Taking Action via Strategic Risk-Taking
I don’t believe there are many career decisions that can truly be considered major risks, particularly for early careerists. Regardless of how much a job makes sense (or doesn’t make sense); you just never know how it is going to end up. That happens to everyone.
The true risk in my opinion is avoiding risk and deciding to accept status quo. How many times have we observed individuals receive wonderful guidance from a senior healthcare leader and never act on it? It could be advice to apply for a specific job, relocate to a new city, raise a hand for a new project, or meet with another potential mentor/champion.

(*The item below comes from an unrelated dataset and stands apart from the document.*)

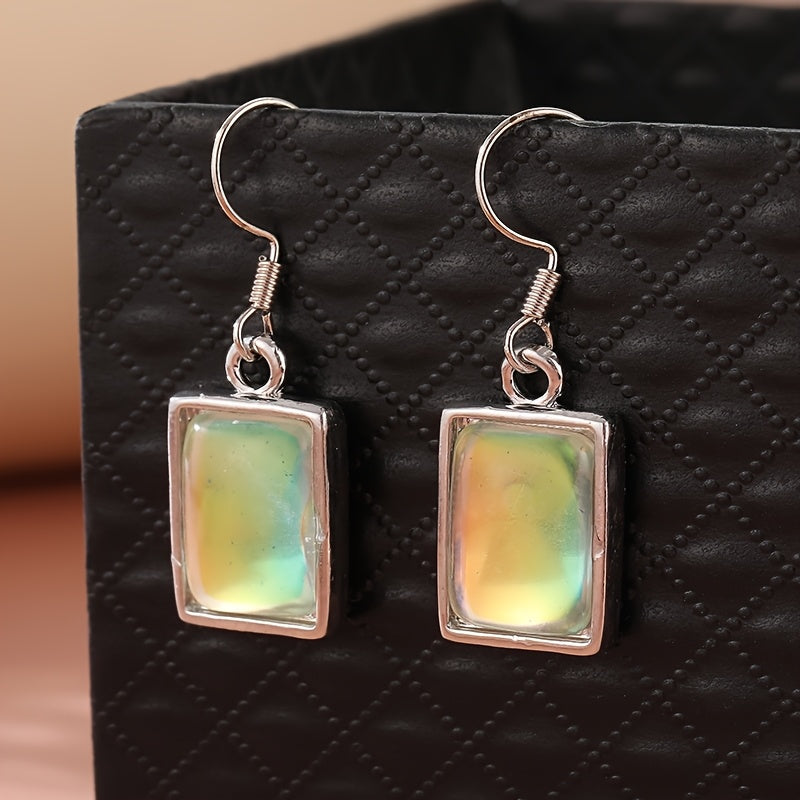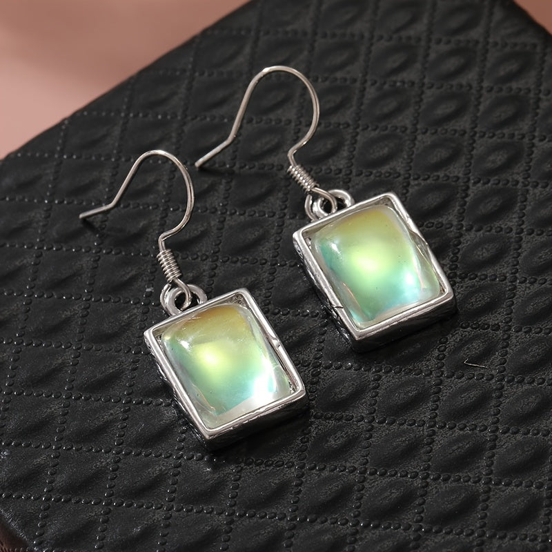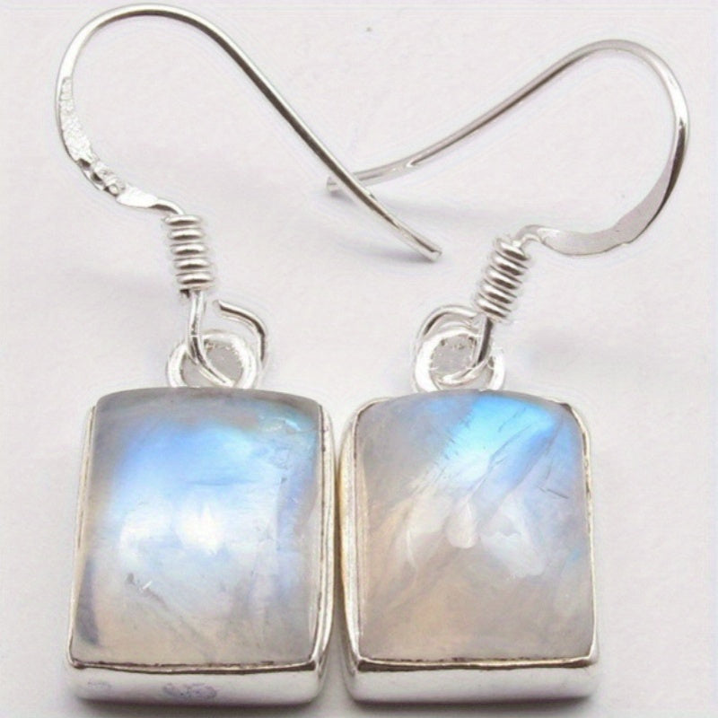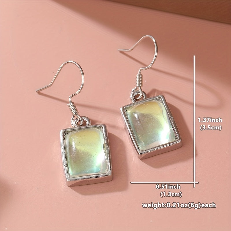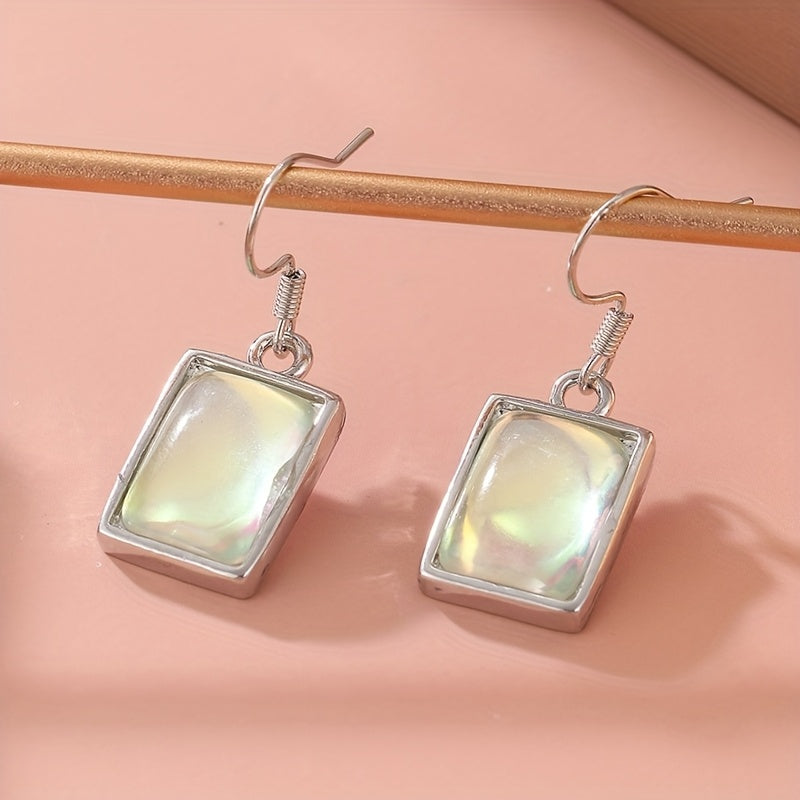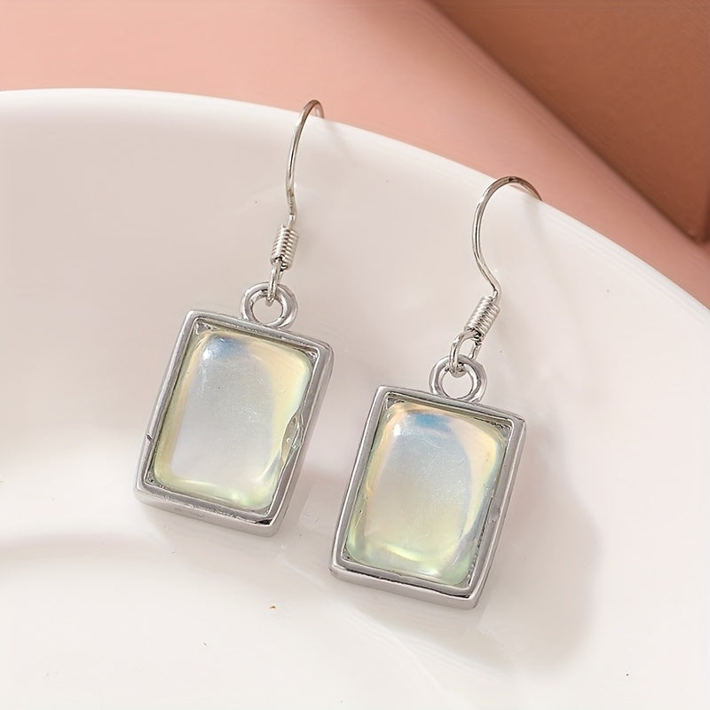 Square silvery earrings with synthetic moonstone pendants, ideal for casual attire and gifting. Perfect for everyday wear.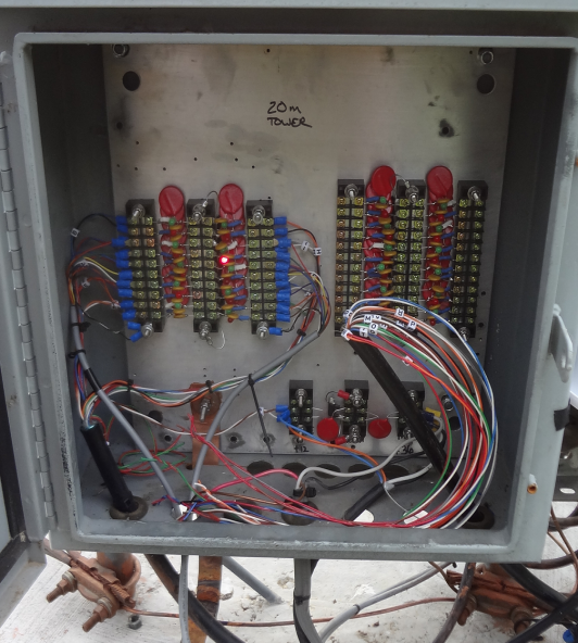 The 40m tower junction box has more lines than the 20m as it hosts the control lines for the receive antenna site as well as the 160m/80m site.

Somehow, for some reason, the person doesn’t quite follow through on this advice. This has to be avoided, if at all possible. Individuals must have a bias towards action—yes, you might fail but you might also succeed. The worst thing is to stay in place. One of my favorite books is the Dr. Seuss classic Oh, the Places You’ll Go. I read it to my kids all the time. I think the most important section of that book describes “the waiting place.” A place with people waiting for a bus to come, or the phone to ring, for fish to bite, or for a better break. Just waiting. I think that is so true. If people have a bias for action, they will make things happen, and thus avoid the biggest risk of all: doing nothing.
All of this is particularly true for a diverse individual who may need to be more assertive in seeking career opportunities outside of his or her comfort zone.